Task goal: The result should be an exact copy of only the lines from the one holding "Salon de jardin" through the last line of the data below, please, without pictures.

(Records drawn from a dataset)
----

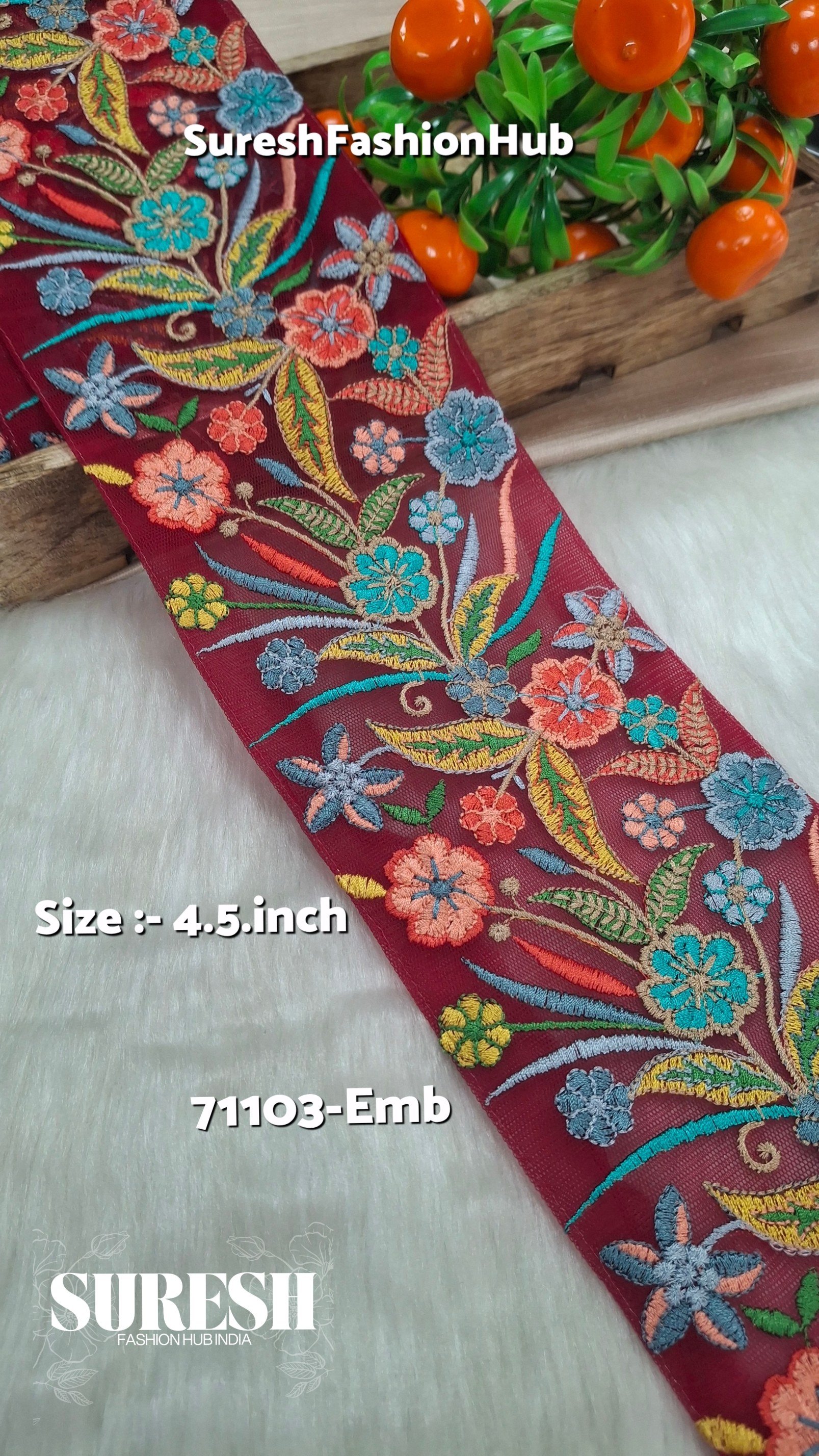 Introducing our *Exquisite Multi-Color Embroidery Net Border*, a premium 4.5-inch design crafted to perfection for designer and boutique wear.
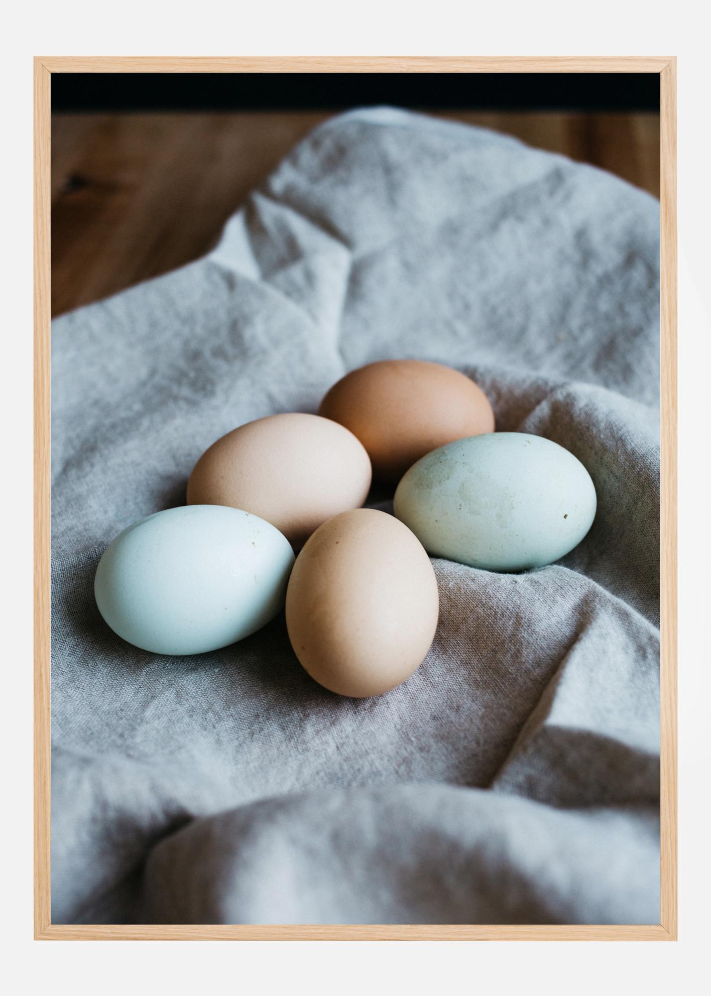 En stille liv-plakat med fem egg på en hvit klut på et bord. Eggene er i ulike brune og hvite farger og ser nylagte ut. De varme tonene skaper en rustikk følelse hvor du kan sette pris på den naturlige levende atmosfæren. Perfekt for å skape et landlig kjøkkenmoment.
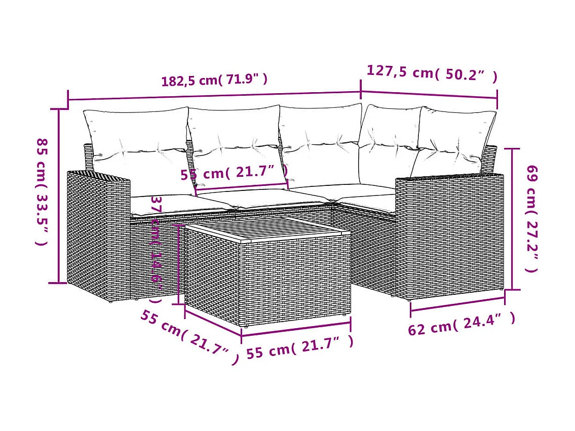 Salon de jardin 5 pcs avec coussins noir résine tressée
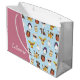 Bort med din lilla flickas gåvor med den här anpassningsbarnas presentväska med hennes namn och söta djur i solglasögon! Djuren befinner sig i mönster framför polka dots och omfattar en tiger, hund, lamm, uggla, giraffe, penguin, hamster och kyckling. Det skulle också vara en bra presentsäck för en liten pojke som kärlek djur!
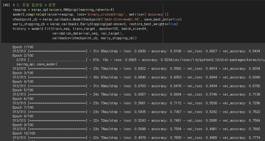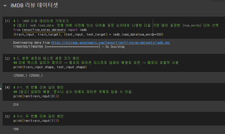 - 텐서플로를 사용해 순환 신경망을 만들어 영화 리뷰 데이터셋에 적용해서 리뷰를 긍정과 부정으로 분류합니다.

----

Output for this exercise:
 Salon de jardin 5 pcs avec coussins noir résine tressée
 Bort med din lilla flickas gåvor med den här anpassningsbarnas presentväska med hennes namn och söta djur i solglasögon! Djuren befinner sig i mönster framför polka dots och omfattar en tiger, hund, lamm, uggla, giraffe, penguin, hamster och kyckling. Det skulle också vara en bra presentsäck för en liten pojke som kärlek djur!
 - 텐서플로를 사용해 순환 신경망을 만들어 영화 리뷰 데이터셋에 적용해서 리뷰를 긍정과 부정으로 분류합니다.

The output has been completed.